- Opening Delimiter -

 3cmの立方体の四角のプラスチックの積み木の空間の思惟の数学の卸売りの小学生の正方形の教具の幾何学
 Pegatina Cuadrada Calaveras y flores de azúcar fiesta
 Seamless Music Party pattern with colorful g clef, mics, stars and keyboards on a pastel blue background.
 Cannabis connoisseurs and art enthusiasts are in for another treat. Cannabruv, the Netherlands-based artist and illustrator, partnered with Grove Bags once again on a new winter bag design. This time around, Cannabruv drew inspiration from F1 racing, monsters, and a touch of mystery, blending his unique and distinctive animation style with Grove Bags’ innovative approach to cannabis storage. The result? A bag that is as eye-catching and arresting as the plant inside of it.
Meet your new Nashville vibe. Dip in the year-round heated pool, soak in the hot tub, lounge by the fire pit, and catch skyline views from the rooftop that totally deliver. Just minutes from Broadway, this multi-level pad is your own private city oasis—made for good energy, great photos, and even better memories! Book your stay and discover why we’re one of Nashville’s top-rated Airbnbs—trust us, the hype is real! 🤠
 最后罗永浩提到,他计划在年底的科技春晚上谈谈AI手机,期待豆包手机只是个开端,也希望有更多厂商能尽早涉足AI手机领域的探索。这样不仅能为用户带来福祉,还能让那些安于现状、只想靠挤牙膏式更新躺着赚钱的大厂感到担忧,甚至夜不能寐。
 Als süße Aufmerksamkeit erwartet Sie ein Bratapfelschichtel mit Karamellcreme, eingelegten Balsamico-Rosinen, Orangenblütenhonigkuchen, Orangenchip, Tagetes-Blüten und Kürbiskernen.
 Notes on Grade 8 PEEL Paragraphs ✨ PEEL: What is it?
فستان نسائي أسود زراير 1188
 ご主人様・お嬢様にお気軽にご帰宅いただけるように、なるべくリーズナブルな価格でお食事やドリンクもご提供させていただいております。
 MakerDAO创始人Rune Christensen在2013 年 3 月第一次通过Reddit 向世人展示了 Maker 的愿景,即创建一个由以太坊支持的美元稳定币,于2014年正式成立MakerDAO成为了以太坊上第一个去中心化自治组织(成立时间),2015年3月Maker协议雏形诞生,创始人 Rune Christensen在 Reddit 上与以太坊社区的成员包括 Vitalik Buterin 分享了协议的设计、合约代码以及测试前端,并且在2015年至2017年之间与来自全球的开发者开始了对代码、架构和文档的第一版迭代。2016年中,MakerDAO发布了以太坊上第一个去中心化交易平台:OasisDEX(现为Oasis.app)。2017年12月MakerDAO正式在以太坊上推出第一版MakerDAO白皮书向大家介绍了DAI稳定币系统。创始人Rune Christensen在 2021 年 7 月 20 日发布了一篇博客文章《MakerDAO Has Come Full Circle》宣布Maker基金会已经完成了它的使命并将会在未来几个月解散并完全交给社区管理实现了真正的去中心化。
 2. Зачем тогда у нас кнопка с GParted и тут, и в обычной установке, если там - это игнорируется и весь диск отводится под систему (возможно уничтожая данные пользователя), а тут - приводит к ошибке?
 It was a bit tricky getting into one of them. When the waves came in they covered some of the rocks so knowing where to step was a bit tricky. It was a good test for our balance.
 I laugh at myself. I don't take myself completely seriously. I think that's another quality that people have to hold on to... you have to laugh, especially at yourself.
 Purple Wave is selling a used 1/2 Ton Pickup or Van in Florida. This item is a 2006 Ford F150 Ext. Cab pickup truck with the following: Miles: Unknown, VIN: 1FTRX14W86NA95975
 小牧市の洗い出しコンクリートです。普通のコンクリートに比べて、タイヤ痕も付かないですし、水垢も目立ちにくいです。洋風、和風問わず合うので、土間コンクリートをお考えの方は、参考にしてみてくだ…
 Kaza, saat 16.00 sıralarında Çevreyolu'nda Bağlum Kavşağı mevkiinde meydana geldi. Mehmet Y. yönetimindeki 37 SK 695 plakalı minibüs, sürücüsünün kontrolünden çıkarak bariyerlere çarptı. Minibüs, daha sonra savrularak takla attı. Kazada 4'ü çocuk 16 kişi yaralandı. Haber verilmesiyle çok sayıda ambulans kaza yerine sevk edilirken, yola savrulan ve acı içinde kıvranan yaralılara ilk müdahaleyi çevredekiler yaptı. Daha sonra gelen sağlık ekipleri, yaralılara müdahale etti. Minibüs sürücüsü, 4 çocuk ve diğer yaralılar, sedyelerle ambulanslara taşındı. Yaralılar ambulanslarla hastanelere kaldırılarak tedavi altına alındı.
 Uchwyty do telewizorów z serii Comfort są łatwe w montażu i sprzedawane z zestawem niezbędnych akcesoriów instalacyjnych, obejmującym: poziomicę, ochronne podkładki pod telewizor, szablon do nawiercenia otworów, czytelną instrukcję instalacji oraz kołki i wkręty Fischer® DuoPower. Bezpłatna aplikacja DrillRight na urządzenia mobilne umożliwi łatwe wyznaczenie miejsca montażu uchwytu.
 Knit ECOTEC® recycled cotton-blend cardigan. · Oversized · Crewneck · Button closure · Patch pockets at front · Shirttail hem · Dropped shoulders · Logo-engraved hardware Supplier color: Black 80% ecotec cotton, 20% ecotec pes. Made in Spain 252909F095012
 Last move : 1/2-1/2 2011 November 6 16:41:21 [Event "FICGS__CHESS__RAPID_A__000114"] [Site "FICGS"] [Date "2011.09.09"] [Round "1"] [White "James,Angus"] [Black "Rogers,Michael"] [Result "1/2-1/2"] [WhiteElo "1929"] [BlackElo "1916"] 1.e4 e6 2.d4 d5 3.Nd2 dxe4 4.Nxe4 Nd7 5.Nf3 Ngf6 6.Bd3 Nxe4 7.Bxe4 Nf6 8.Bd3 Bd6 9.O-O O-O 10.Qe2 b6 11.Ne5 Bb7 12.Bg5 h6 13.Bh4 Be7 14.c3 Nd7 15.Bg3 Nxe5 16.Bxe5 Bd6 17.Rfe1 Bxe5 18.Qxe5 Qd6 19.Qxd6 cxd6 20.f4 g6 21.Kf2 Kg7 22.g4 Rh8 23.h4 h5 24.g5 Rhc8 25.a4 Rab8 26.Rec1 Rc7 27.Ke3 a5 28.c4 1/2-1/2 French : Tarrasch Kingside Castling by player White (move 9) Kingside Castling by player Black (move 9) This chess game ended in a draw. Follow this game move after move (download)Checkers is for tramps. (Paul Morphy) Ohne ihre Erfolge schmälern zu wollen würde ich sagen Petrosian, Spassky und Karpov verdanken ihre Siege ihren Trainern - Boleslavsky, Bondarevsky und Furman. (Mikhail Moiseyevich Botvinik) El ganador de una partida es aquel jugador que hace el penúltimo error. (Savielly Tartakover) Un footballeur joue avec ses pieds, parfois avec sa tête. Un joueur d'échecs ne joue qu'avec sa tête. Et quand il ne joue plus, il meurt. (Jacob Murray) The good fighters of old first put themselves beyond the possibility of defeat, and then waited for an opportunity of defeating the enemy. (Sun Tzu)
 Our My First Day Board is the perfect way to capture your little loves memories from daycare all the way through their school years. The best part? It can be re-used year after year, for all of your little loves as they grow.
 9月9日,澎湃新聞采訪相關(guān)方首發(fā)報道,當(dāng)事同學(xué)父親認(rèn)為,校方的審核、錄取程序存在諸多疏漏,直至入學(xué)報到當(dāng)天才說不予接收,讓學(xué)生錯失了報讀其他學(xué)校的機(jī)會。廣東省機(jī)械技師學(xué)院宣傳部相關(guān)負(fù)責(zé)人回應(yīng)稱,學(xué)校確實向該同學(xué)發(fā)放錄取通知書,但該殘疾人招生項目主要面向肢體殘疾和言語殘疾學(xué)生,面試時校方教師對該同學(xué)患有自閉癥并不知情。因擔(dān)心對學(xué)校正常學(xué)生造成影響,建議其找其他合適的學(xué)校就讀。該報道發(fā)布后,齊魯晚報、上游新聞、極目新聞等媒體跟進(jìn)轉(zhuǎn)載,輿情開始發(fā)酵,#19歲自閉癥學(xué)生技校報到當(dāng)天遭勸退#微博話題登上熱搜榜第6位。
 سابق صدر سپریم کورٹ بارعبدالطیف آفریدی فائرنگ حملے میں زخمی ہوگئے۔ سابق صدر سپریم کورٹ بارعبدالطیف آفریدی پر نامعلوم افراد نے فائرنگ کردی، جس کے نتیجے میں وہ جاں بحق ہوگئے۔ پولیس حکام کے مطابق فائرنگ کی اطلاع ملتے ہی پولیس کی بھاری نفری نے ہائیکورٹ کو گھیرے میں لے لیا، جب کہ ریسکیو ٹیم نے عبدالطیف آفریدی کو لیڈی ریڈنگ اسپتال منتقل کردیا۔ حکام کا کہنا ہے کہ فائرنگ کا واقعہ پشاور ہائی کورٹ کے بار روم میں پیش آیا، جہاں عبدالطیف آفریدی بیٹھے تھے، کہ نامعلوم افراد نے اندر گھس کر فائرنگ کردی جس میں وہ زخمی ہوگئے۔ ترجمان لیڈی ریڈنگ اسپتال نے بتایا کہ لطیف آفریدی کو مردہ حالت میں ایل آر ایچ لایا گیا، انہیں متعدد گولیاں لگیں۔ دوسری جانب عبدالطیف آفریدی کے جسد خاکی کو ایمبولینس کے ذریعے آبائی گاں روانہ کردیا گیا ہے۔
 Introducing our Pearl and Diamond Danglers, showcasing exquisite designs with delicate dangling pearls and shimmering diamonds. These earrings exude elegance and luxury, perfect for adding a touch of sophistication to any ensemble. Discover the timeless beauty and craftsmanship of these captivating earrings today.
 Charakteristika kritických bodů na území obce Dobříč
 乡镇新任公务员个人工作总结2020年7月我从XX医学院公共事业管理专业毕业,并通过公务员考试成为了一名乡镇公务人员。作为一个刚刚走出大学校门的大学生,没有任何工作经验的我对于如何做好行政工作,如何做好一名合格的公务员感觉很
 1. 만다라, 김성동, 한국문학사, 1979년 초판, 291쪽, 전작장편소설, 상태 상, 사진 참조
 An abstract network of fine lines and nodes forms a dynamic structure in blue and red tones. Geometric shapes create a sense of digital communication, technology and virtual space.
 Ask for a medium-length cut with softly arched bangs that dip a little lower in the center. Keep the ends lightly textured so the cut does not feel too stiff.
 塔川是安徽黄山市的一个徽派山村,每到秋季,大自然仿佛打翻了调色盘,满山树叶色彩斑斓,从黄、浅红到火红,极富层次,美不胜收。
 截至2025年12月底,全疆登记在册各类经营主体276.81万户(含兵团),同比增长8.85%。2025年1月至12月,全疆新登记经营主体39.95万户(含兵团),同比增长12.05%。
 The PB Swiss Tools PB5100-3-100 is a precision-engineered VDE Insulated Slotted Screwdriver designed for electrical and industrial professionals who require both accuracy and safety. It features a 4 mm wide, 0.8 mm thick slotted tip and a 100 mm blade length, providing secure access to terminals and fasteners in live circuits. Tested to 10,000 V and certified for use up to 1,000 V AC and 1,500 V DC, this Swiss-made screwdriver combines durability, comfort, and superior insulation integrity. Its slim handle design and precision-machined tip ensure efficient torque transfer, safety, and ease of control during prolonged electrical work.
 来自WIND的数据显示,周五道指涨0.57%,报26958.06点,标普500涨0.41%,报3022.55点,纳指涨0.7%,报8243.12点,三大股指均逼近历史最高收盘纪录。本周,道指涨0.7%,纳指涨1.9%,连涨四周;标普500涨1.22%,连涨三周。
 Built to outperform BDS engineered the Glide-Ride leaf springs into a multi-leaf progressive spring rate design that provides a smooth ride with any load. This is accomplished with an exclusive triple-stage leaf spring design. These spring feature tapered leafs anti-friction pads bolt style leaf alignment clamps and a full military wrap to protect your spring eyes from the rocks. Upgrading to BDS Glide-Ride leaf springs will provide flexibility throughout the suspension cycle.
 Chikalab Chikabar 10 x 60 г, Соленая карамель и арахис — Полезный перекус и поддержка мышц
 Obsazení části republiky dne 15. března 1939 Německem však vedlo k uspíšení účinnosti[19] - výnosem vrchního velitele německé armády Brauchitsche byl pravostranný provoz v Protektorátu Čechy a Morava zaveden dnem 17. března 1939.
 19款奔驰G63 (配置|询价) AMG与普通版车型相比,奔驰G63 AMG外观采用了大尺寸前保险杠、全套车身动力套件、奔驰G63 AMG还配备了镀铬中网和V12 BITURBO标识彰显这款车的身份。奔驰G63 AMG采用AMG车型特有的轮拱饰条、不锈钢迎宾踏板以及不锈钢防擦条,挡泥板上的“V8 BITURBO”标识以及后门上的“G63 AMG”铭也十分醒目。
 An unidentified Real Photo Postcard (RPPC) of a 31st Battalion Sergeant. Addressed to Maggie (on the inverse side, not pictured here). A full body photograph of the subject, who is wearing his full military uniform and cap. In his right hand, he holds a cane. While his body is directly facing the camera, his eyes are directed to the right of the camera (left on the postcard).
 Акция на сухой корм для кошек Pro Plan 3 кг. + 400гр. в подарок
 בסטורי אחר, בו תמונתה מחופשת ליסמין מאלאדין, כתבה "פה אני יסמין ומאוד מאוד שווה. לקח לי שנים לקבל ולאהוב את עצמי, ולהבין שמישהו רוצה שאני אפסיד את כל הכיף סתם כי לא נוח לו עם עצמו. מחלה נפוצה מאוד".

- Closing Delimiter -

■ **TASK DESCRIPTION**:
Go through the records. Copy each line where "they" appears.

■ **TASK SOLUTION**:
 It was a bit tricky getting into one of them. When the waves came in they covered some of the rocks so knowing where to step was a bit tricky. It was a good test for our balance.
 Our My First Day Board is the perfect way to capture your little loves memories from daycare all the way through their school years. The best part? It can be re-used year after year, for all of your little loves as they grow.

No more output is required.